- Genre: Sitcom
- Written by: Michael Aitkens
- Directed by: Susan Belbin
- Starring: David Essex Katy Murphy
- Country of origin: United Kingdom
- Original language: English
- No. of series: 1
- No. of episodes: 6

Production
- Producer: Susan Belbin
- Running time: 30 minutes

Original release
- Network: BBC One
- Release: 20 October – 24 November 1988

= The River (British TV series) =

The River is a British TV series from 1988 starring David Essex, Katy Murphy, and David Ryall. The River was first shown on BBC1 in late 1988. Original release was on 20 October – 24 November 1988.

==Plot==
The River follows the tranquil life of lovable, Cockney, ex-convict Davey Jackson (Essex) who is lock keeper on the canal near the village of Chumley-on-the-Water. His peaceful life is turned upside down by the arrival of the neurotic, sharp-tongued Sarah MacDonald (Murphy). Over the six episodes of the series the love-hate relationship between Davey and Sarah blossoms into a shaky romance, their potential happiness often spoiled by the machinations of Davey's cunning Aunty Betty (Vilma Hollingbery) and the hapless intervention of Davey's deputy Tom Pike (Shaun Scott).
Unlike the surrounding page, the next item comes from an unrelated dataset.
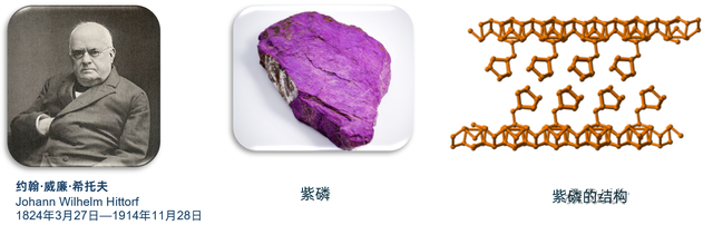 1865年,希托夫将红磷与铅一起放入一个密封的管子中,加热到惊人的550°C的高温,然后让其在极其缓慢的过程中冷却,过程大概持续数天甚至数周。在这个过程中,用铅作溶剂,让磷原子在其中重新排列。随后,用稀硝酸将铅溶解掉。留在试管底部的,不再是暗红色的粉末,而是一种闪耀着金属光泽的、紫黑色的单斜晶体:紫磷。

The River also shows brief glimpses of the village of Chumley and its inhabitants, including the eccentric squire, Colonel Danvers (David Ryall), the constantly drunken Silent Jim, landlord of the village pub "The Ferret", Aunty Betty's futile attempts to lead a socialist revolution from the village and Tom's conversations with his pets Deidre the goat and Cyril the pig.

The River ends abruptly with Sarah's decision to leave, partly due to her nervousness about her relationship with Davey and the ploys of Aunty Betty to get rid of her. At the very end of Episode Six, Sarah's narrowboat explodes after Tom forgets to replace a faulty gas pipe on it. Sarah, much to Davey's relief, survives (and is found floating on a piece of wreckage in the river). The episode ends with Davey and Sarah floating down the river on the remains of the narrowboat.

==Production==
The River was first shown on BBC1 in October/November 1988 and repeated in May/June 1989, written by Michael Aitkens, with theme and incidental music written by Essex.

Chumley-on-the-Water is a fictional location for the filming. In reality, it was filmed at Wootton Rivers on the Kennet and Avon Canal near Marlborough, Wiltshire.

The producer/director of The River, Susan Belbin, claimed that the series was not meant to be a sitcom but a romantic comedy, the relationship between Davey and Sarah being the main focus of the programme. The outcome was different from Belbin's aim, however, as The River became more of a sitcom and the Davey-Sarah relationship became a strand of the programme.

Despite being heavily trailed by BBC One and moderate ratings for the first episode, the series was not a success. Essex later commented in an interview that he put it down to "the series not knowing quite what it wanted to be... nor indeed the BBC (knowing what they wanted it to be) either", also suggesting the series had suffered from poor direction and "wasn't what (he) had initially signed up for". Whilst the prospect of a second series at first seemed possible during filming, Essex stated that "...About three quarters of the way through the filming, I think it became apparent that we were going to be a one-run affair, as (the series) just didn't hang together well enough".